Managing Events Systematically

Being good at problem-solving is critical to success in an organization. I’ve written quite a bit on problem-solving, but here I want to tackle the amount of effort we should apply.

Not all problems should be treated the same. There are also levels of problems. And these two aspects can contribute to some poor problem-solving practices.

It helps to look at problems systematically across our organization. The iceberg analogy is a pretty popular way to break this done focusing on Events, Patterns, Underlying Structure, and Mental Model.

Iceberg analogy

Events

Events start with the observation or discovery of a situation that is different in some way. What is being observed is a symptom and we want to quickly identify the problem and then determine the effort needed to address it.

This is where Art Smalley’s Four Types of Problems comes in handy to help us take a risk-based approach to determining our level of effort.

Type 1 problems, Troubleshooting, allows us to set problems with a clear understanding of the issue and a clear pathway. Have a flat tire? Fix it. Have a document error, fix it using good documentation practices.

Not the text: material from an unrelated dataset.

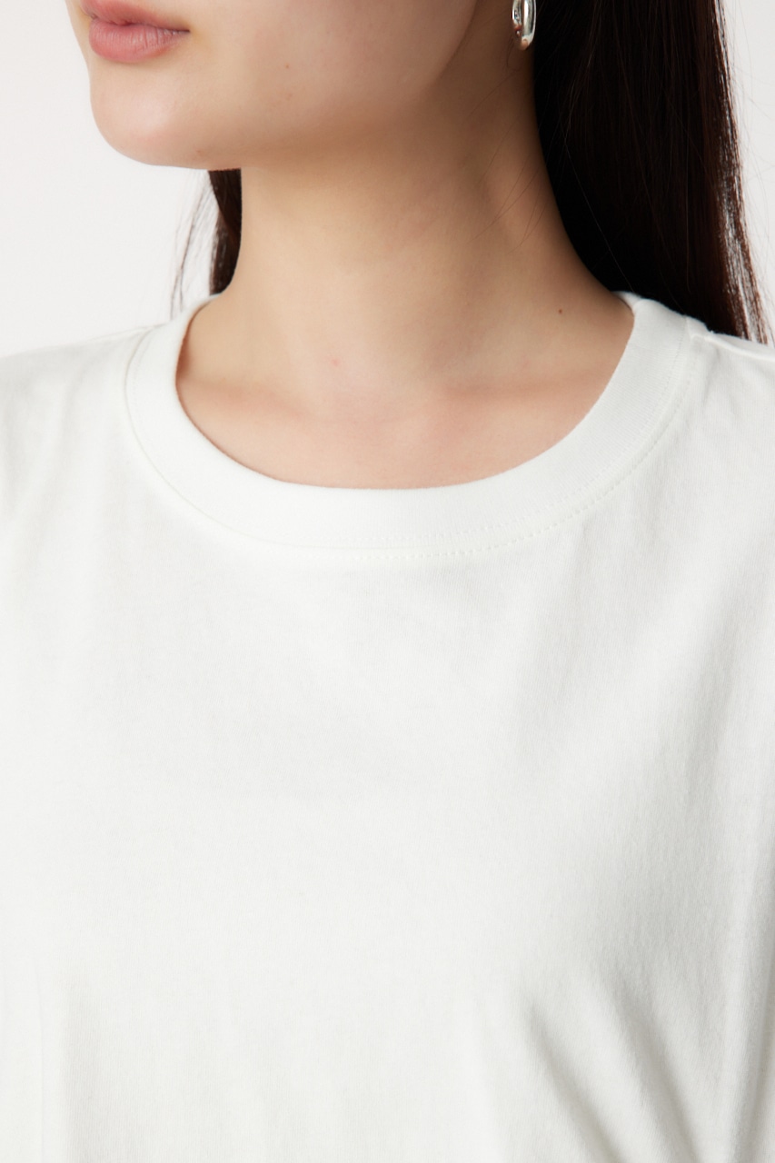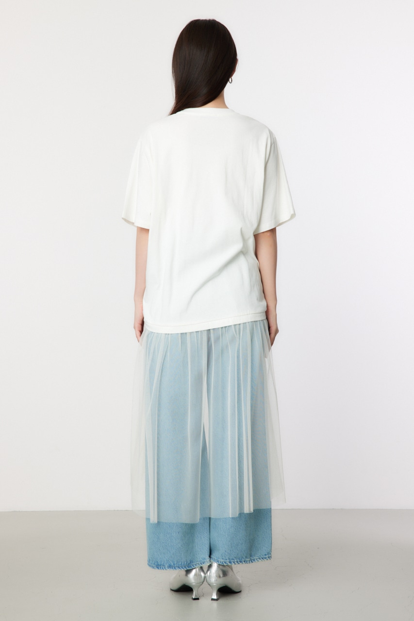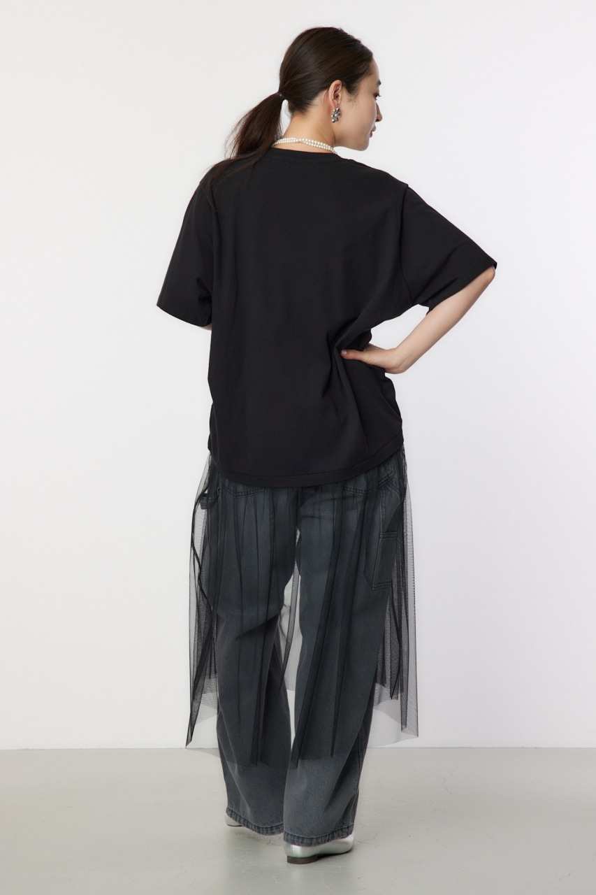 ギャザー仕様のビッグTシャツにチュールをドッキングしたデザインワンピース。Tシャツのギャザーを絞ると、前が上がり前後差があるようなサイズ感に。ボトムにはデニムを合わせるのがおすすめ。

It is valuable to work the way through common troubleshooting and ensure the appropriate linkages between the different processes, to ensure a system-wide approach to problem solving.

Corrective maintenance is a great example of troubleshooting as it involved restoring the original state of an asset. It includes documentation, a return to service and analysis of data. From that analysis of data problems are identified which require going deeper into problem-solving. It should have appropriate tie-ins to evaluate when the impact of an asset breaking leads to other problems (for example, impact to product) which can also require additional problem-solving.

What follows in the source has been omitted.